__Work instructions__. What you give must be the lines from the one containing "Surge arrester protection" through the last line of the listing below, exactly, with nothing else and no pictures.
***
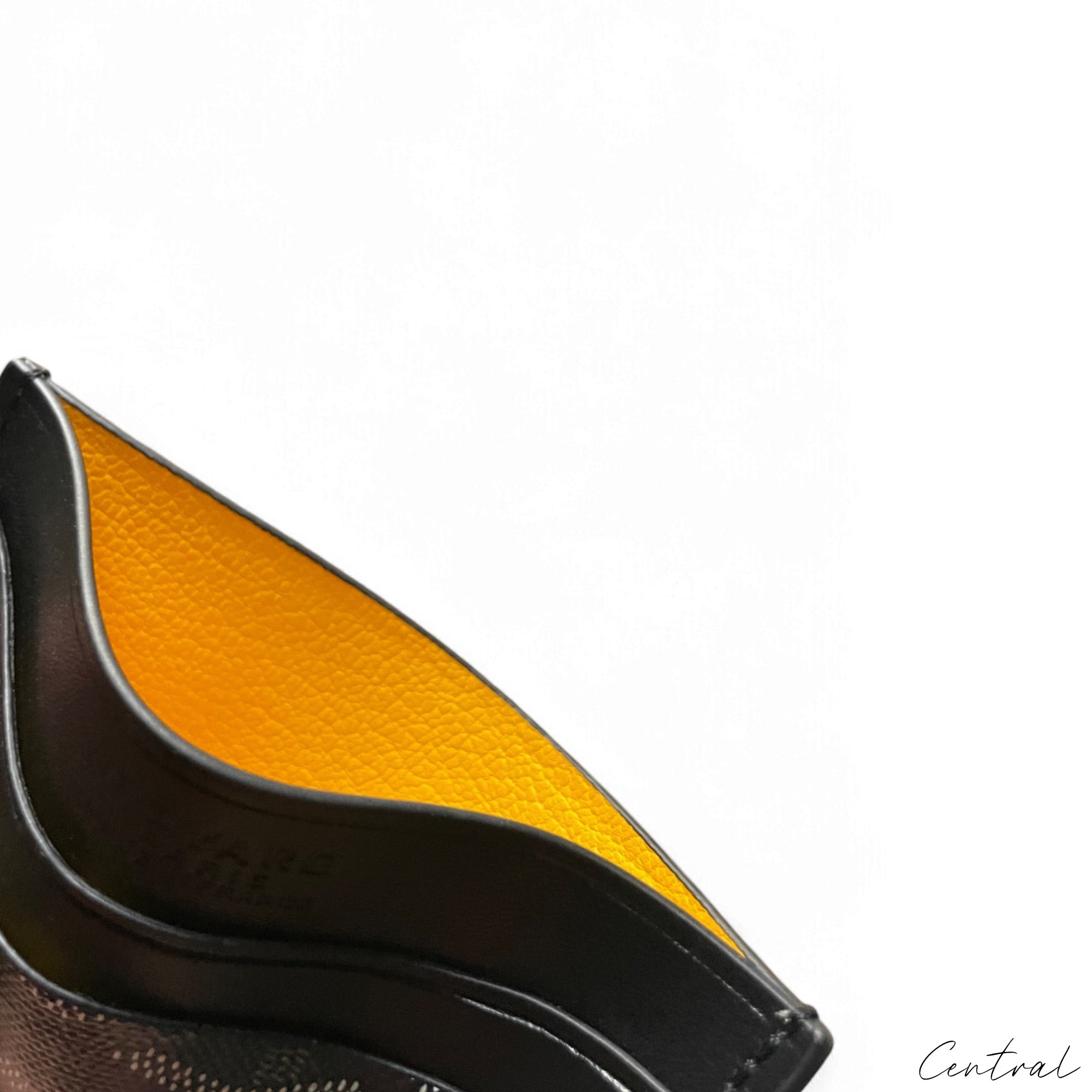 Black Goyard card holder by Central ae, featuring a sleek design and the iconic Goyard pattern.
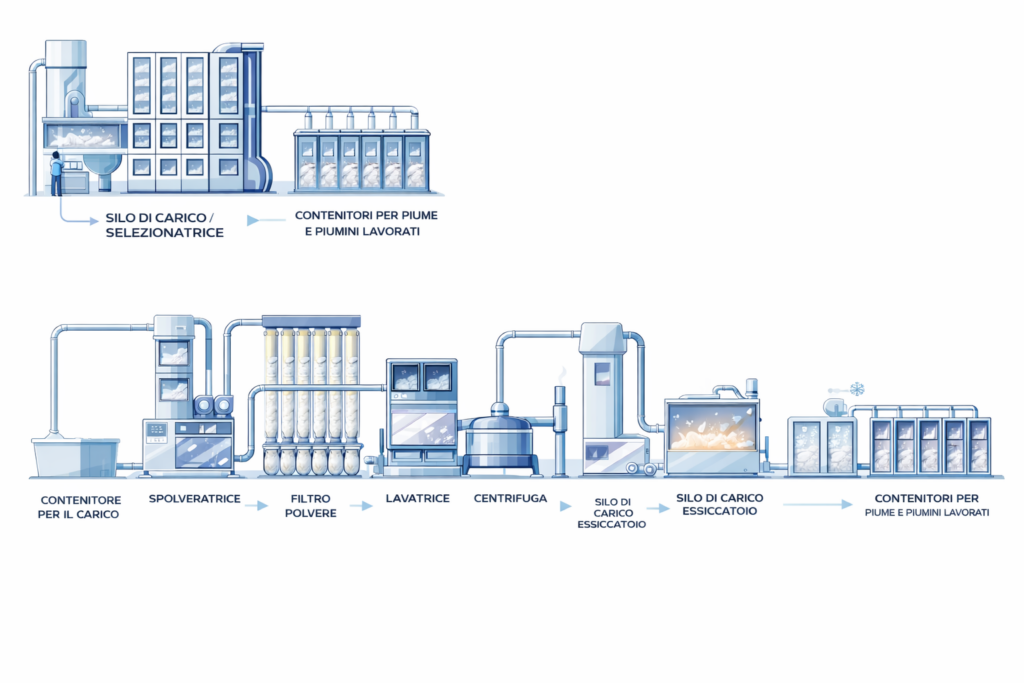 Un elemento centrale della fase di fornitura è la partnership con fornitori di fiducia, che ci consentono l’accesso diretto alle loro supply chain per verificare il pieno rispetto delle norme igieniche e di animal welfare. Il nostro sistema di tracciabilità è certificato secondo i principali standard internazionali, tra cui RDS, DownPass e altri protocolli riconosciuti.
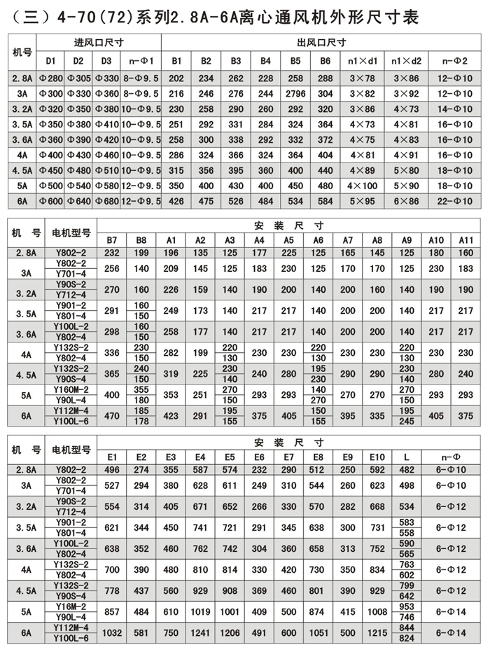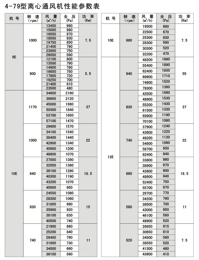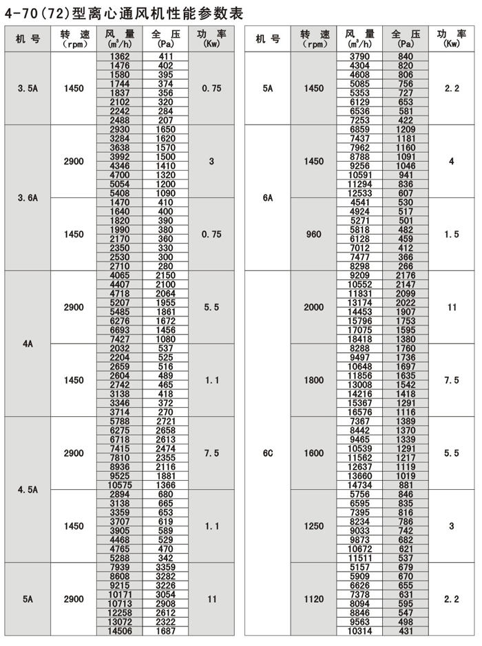 注:F4-72/79為防腐型離心風機,用于輸送有腐蝕性的氣體,用玻璃鋼為制作材料。
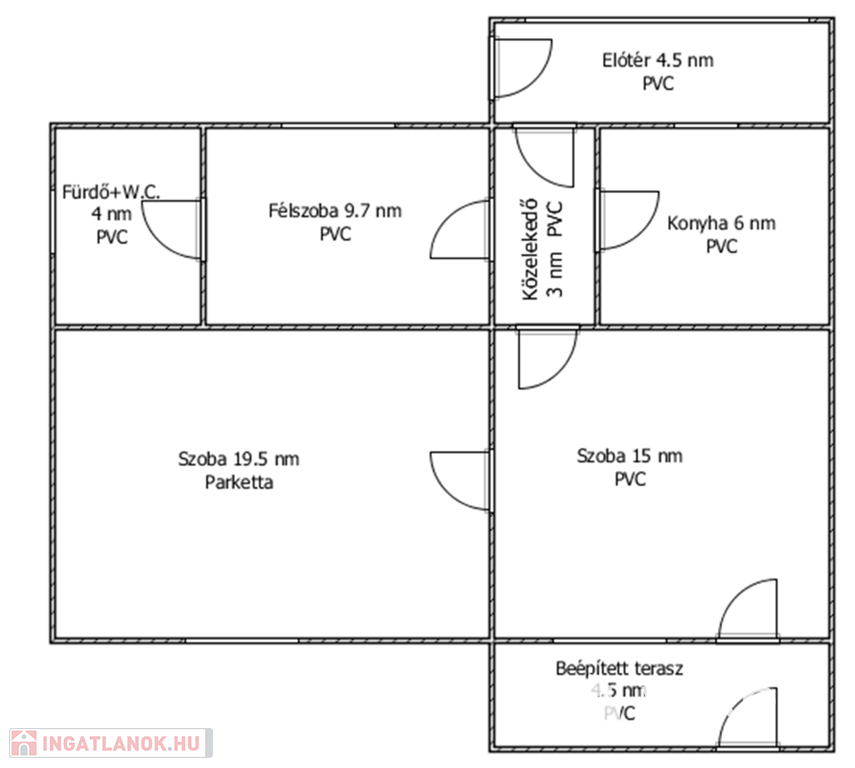 Helyiségei: 2 szoba, 1 félszoba, konyha, közlekedő, fürdőszoba, előtér, beépített terasz.
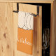 An bright orange kitchen towel with two creamy white pumpkins . Personalize it with a name . Look for our matching pattern towel .
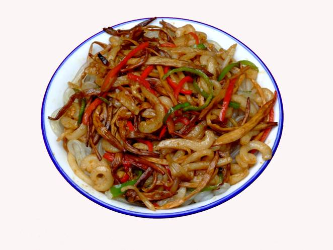 張家界草帽面》。 這個名字的由來是因為老板常年戴著草帽賣面,臊子非常香,可以添加,面是他自己加工的據(jù)說是全手工的,老板人很古怪,每天只賣那么一點,以前更古怪,只有星期1、3、5的晚上9點才有賣,想吃他家的草帽面居然還得跟他打電話問他是否心情好,出不出來賣面?預約了才不會撲空。但是就因為這點神秘,所以他家的面有些神話色彩。在汽車站口百貨大樓東門對面的巷子口,一輛板車上面掛了一頂草帽,那就是了,不過每天下午1點左右就沒了,要吃啊,嘿嘿,您趕早!能不能吃的上,得看您造化咯!
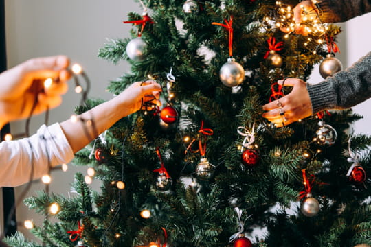 Avant toute chose, rassemblez vos décorations au pied de votre sapin, afin de vous éviter d'inutiles aller-retour. Vérifiez que votre déco de Noël, surtout si elle a quelques années, est bien intacte et que votre guirlande fonctionne, sinon changez-la. Selon la taille de votre sapin (et la vôtre), pensez à prendre un marchepied ou encore un escabeau.
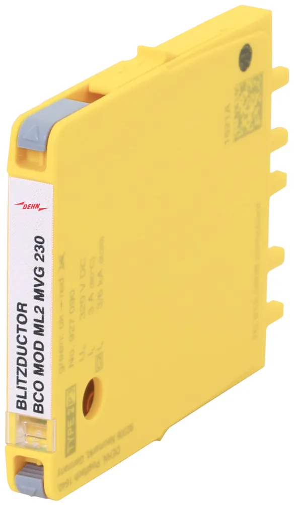 Surge arrester protection module with a width of 6 mm for BLITZDUCTORconnect with status indication for protecting 2 lines of stranded unearthed signal interfaces with a nominal voltage of 230 V.
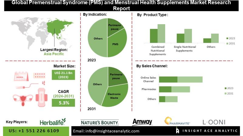 InsightAce Analytic Pvt. Ltd. announces the release of a market assessment report on the "Premenstrual Syndrome (PMS) and Menstrual Health Supplements Market- (By Product Type (Combined Nutritional Supplements, Single Nutritional Supplements), By Type Indication (Perimenopause, PMS), By Formulation (Capsules/Tablets, Powder, Softgels, Other), By Sales Channel (Pharmacies/Drug Stores, Online Sales Channel, Direct Sales Channel, Others)), By Region, Trends, Industry Competition Analysis, Revenue and Forecast To 2031."
***
__Answer section__.
 Surge arrester protection module with a width of 6 mm for BLITZDUCTORconnect with status indication for protecting 2 lines of stranded unearthed signal interfaces with a nominal voltage of 230 V.
 InsightAce Analytic Pvt. Ltd. announces the release of a market assessment report on the "Premenstrual Syndrome (PMS) and Menstrual Health Supplements Market- (By Product Type (Combined Nutritional Supplements, Single Nutritional Supplements), By Type Indication (Perimenopause, PMS), By Formulation (Capsules/Tablets, Powder, Softgels, Other), By Sales Channel (Pharmacies/Drug Stores, Online Sales Channel, Direct Sales Channel, Others)), By Region, Trends, Industry Competition Analysis, Revenue and Forecast To 2031."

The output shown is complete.